In the previous article, we explored the idea of setting up your product analytics the same way. Of simulating what I call a “car’s immune system”:
This system has 3 levels: Early Warning, Diagnostics, and Prevention.
In this article, we’ll explore practical steps to design your product analytics following this analogy.
I’ll share examples from my time at Google to help you apply this to your organization.
Ready? Buckle up!
Level 1: How to Set Up Early Warning Metrics
In a car, the Early Warning System is right in front of you when you’re driving.
If there’s a problem, a dashboard light goes off. It doesn’t tell you what the exact problem is, but it gives you a clue.
Is the “Check Engine” light on? If so, you probably should inspect your engine!
Detecting an issue early might be the difference between a minor hiccup and a major crisis.
Creating an effective early warning system for your product requires an intentional design approach. Follow the 4 steps below to maximize your chances of success.
1. Start with Business Questions
Many PMs dive straight into the metrics, without reflecting on the business questions that guide them.

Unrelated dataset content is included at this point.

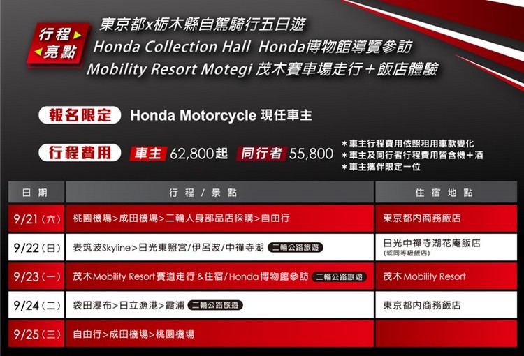 ![]() 為了持續實現「Be Your Wing」的品牌精神,讓更多Honda車主體驗各種不同二輪的樂趣,Honda Taiwan今年為車主舉辦「2024 Honda Motorcycle茂木之旅五日遊」於今日8/19正式展開宣傳,並於8/23開始受理報名,活動內容包含自駕體驗日本絕美公路,參訪 Honda Collection Hall 博物館,認識 Honda 精湛工藝與歷史,並在 Mobility Resort Motegi 享受茂木賽車場走行體驗深度騎乘文化體驗等,過程中將與Honda人氣機種一同體驗壯闊且迷人的栃木縣風光,歡迎熱愛Honda的所有車主把握本次機會開始報名吧!

This is starting with the solution.
As a PM, you know you should start with a pain point. And you find your pain points by asking the right questions.
So what questions come to mind when thinking about your product’s health?
Write those down in plain English. Don’t worry about metrics for now.
For example, when I led the Google Messages team, I asked questions like:
- How many sent messages never reach the recipient?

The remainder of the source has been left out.